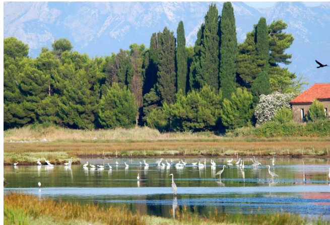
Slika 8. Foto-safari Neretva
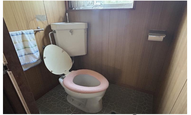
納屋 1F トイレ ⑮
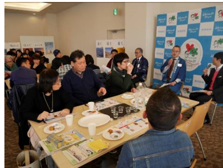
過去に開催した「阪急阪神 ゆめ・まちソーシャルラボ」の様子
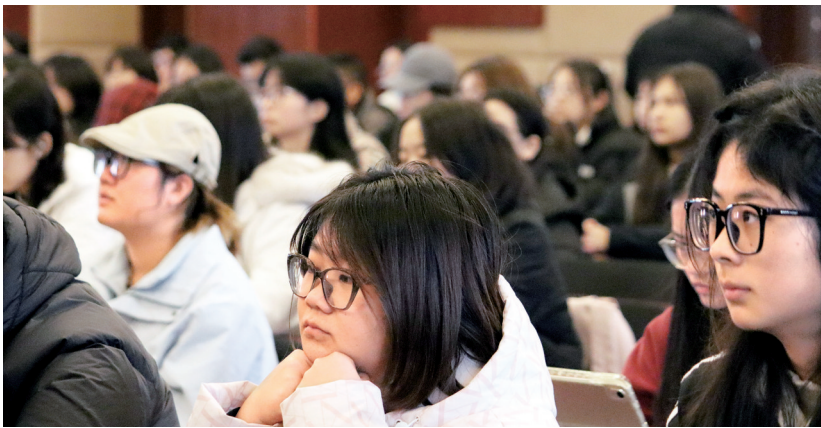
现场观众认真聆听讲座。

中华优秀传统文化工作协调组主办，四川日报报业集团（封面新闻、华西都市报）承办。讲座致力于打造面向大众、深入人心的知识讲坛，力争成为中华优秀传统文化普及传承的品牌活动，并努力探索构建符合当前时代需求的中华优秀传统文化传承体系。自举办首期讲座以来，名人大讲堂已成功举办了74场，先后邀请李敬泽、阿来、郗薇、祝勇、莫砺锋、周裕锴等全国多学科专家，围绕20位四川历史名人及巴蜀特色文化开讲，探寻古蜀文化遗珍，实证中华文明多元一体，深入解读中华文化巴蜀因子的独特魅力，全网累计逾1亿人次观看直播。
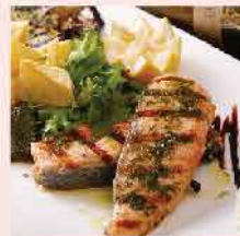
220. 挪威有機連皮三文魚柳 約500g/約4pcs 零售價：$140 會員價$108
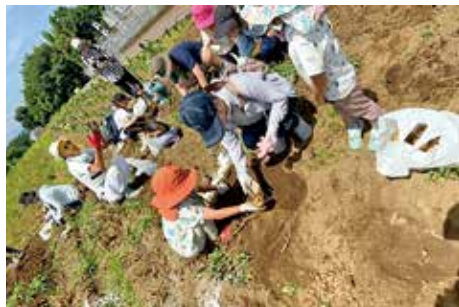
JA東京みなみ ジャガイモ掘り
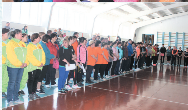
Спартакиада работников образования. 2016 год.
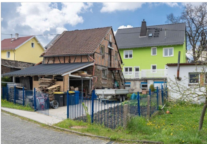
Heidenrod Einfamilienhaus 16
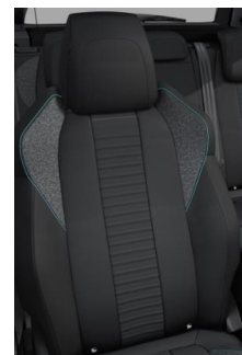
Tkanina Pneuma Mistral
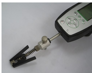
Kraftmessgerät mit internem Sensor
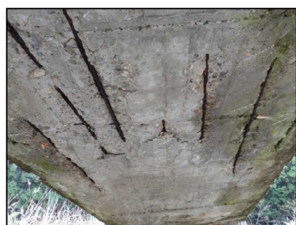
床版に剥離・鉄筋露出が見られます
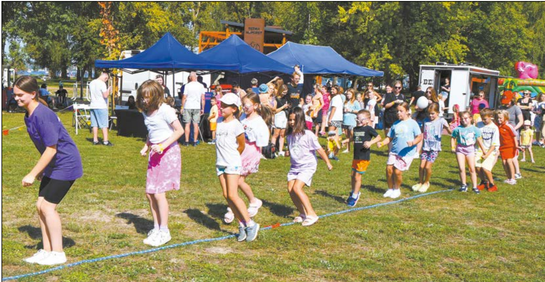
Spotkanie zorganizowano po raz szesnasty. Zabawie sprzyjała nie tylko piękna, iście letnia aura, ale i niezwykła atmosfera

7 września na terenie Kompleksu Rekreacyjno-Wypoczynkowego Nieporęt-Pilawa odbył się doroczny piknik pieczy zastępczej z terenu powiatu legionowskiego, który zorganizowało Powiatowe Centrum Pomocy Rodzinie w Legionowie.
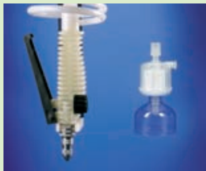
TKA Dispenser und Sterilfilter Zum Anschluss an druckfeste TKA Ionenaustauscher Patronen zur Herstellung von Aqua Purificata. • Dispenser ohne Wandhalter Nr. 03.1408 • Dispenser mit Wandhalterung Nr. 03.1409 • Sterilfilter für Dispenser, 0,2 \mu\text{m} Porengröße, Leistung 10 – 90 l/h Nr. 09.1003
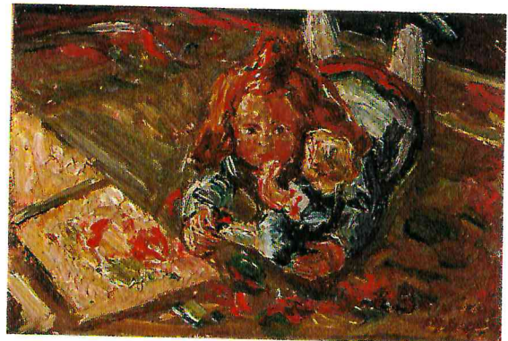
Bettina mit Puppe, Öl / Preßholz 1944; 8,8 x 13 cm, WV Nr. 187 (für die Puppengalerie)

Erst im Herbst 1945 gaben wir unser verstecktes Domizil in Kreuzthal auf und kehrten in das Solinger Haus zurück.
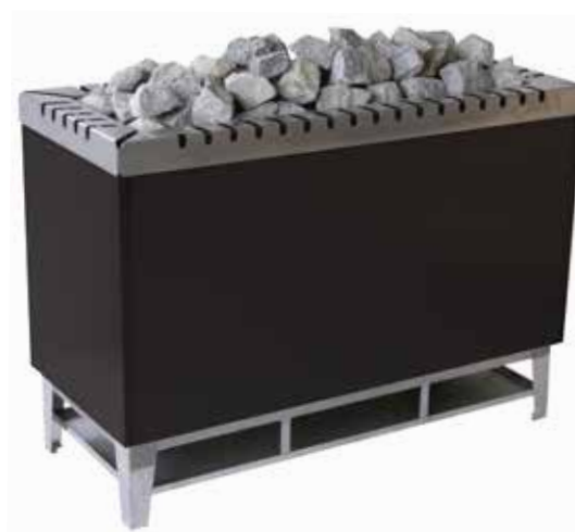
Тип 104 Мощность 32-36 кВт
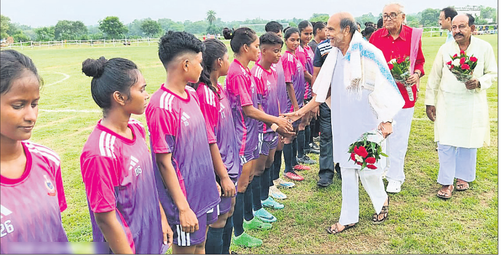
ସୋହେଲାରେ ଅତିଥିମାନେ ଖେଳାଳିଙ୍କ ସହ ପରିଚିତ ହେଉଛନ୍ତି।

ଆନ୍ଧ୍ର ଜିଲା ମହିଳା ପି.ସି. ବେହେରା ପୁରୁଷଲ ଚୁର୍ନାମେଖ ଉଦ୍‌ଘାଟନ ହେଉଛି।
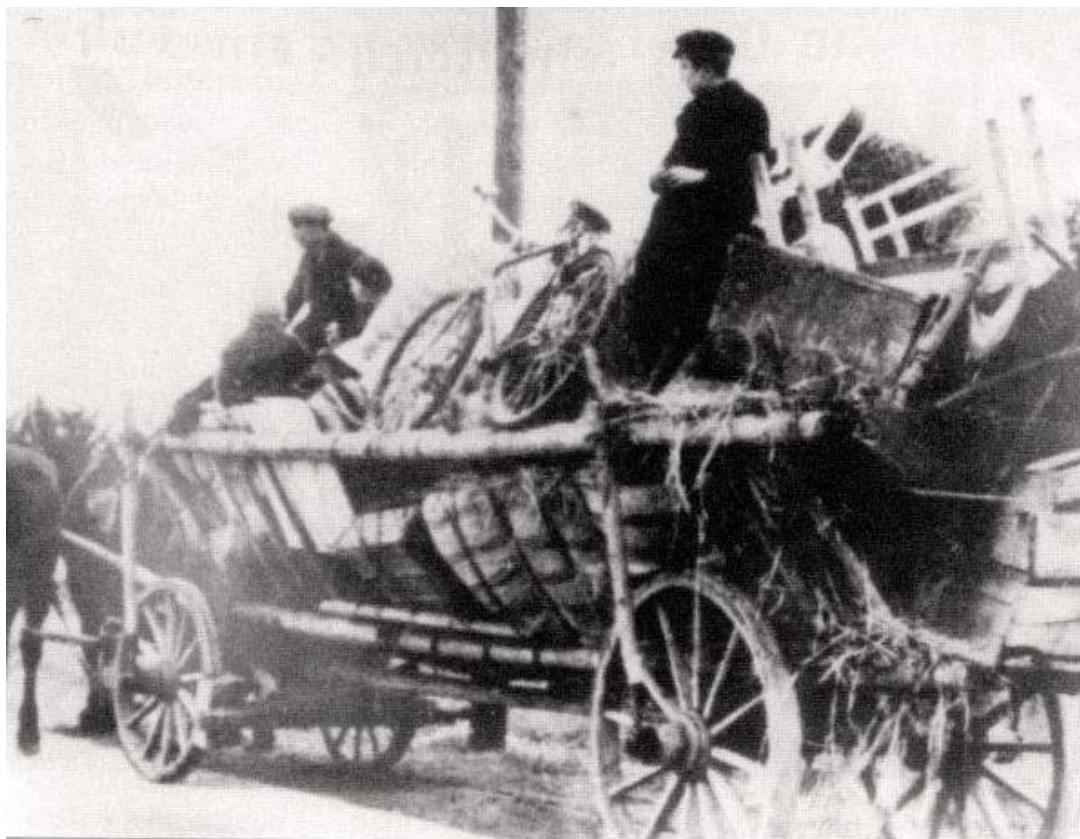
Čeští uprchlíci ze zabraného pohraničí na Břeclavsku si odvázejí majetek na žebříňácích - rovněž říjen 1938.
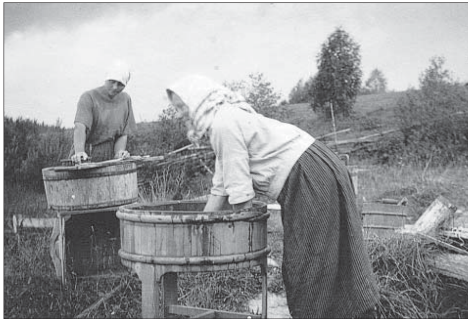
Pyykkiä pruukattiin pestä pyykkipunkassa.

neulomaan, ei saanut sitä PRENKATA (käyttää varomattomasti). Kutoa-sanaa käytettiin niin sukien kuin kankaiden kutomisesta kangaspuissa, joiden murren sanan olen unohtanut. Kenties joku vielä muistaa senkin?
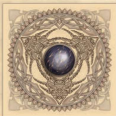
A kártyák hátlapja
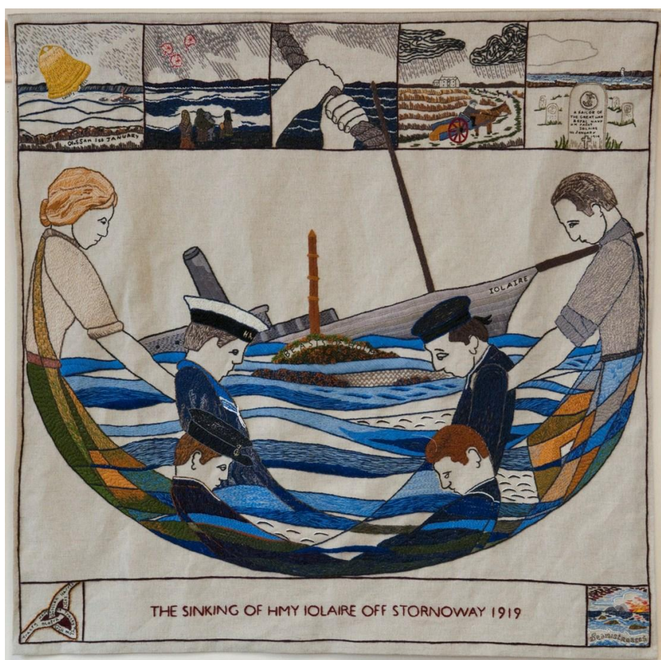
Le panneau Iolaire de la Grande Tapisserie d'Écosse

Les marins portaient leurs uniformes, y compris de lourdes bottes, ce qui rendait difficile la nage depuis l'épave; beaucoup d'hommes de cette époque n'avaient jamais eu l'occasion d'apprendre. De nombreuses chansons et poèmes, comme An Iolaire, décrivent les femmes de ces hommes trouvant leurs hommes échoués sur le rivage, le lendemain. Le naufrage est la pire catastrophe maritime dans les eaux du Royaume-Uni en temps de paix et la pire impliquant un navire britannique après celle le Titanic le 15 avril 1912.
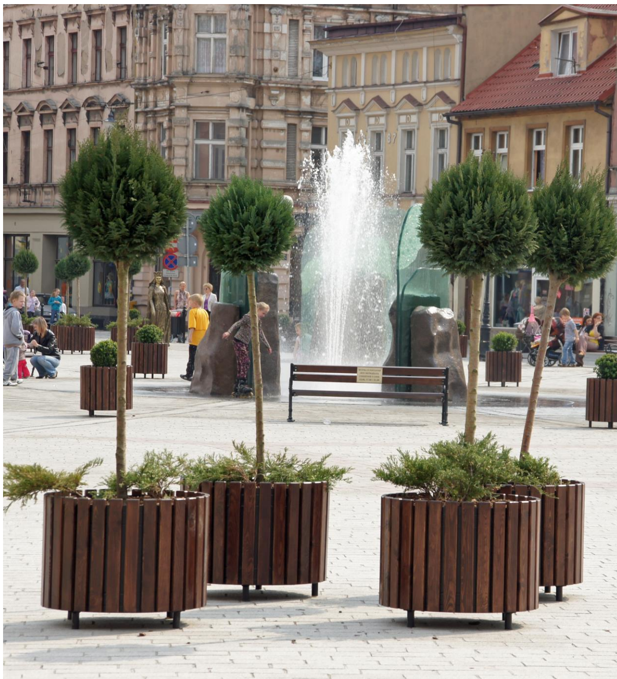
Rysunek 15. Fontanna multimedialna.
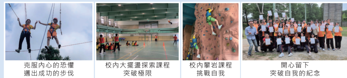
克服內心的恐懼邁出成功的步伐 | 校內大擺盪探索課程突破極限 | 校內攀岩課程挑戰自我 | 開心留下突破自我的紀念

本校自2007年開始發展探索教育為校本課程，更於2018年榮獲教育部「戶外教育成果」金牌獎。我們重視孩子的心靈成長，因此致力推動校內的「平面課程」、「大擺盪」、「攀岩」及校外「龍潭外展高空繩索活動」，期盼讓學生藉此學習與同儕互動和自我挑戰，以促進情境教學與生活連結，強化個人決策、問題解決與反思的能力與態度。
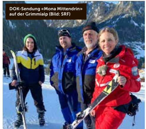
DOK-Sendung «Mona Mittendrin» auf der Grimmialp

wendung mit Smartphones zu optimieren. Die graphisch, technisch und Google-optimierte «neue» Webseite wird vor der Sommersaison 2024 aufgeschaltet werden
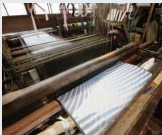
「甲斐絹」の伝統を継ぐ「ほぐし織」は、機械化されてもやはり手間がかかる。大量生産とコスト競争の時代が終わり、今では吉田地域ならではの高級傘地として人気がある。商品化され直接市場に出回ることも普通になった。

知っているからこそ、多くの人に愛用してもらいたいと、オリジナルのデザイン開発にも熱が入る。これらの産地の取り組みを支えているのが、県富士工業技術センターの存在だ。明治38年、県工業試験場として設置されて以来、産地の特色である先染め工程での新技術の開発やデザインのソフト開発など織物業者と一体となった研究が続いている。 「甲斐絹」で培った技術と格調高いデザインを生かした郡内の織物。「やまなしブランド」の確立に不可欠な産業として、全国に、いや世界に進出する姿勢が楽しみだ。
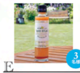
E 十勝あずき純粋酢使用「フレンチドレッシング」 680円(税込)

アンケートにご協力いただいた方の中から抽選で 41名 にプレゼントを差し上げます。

> **What you need to do**: Set out, exactly as given, the line that contains "A kártyák hátlapja" along with each line after it through the end of the records above; omit the pictures.

> **Reply**:
A kártyák hátlapja
Le panneau Iolaire de la Grande Tapisserie d'Écosse

Les marins portaient leurs uniformes, y compris de lourdes bottes, ce qui rendait difficile la nage depuis l'épave; beaucoup d'hommes de cette époque n'avaient jamais eu l'occasion d'apprendre. De nombreuses chansons et poèmes, comme An Iolaire, décrivent les femmes de ces hommes trouvant leurs hommes échoués sur le rivage, le lendemain. Le naufrage est la pire catastrophe maritime dans les eaux du Royaume-Uni en temps de paix et la pire impliquant un navire britannique après celle le Titanic le 15 avril 1912.
Rysunek 15. Fontanna multimedialna.
克服內心的恐懼邁出成功的步伐 | 校內大擺盪探索課程突破極限 | 校內攀岩課程挑戰自我 | 開心留下突破自我的紀念

本校自2007年開始發展探索教育為校本課程，更於2018年榮獲教育部「戶外教育成果」金牌獎。我們重視孩子的心靈成長，因此致力推動校內的「平面課程」、「大擺盪」、「攀岩」及校外「龍潭外展高空繩索活動」，期盼讓學生藉此學習與同儕互動和自我挑戰，以促進情境教學與生活連結，強化個人決策、問題解決與反思的能力與態度。
DOK-Sendung «Mona Mittendrin» auf der Grimmialp

wendung mit Smartphones zu optimieren. Die graphisch, technisch und Google-optimierte «neue» Webseite wird vor der Sommersaison 2024 aufgeschaltet werden
「甲斐絹」の伝統を継ぐ「ほぐし織」は、機械化されてもやはり手間がかかる。大量生産とコスト競争の時代が終わり、今では吉田地域ならではの高級傘地として人気がある。商品化され直接市場に出回ることも普通になった。

知っているからこそ、多くの人に愛用してもらいたいと、オリジナルのデザイン開発にも熱が入る。これらの産地の取り組みを支えているのが、県富士工業技術センターの存在だ。明治38年、県工業試験場として設置されて以来、産地の特色である先染め工程での新技術の開発やデザインのソフト開発など織物業者と一体となった研究が続いている。 「甲斐絹」で培った技術と格調高いデザインを生かした郡内の織物。「やまなしブランド」の確立に不可欠な産業として、全国に、いや世界に進出する姿勢が楽しみだ。
E 十勝あずき純粋酢使用「フレンチドレッシング」 680円(税込)

アンケートにご協力いただいた方の中から抽選で 41名 にプレゼントを差し上げます。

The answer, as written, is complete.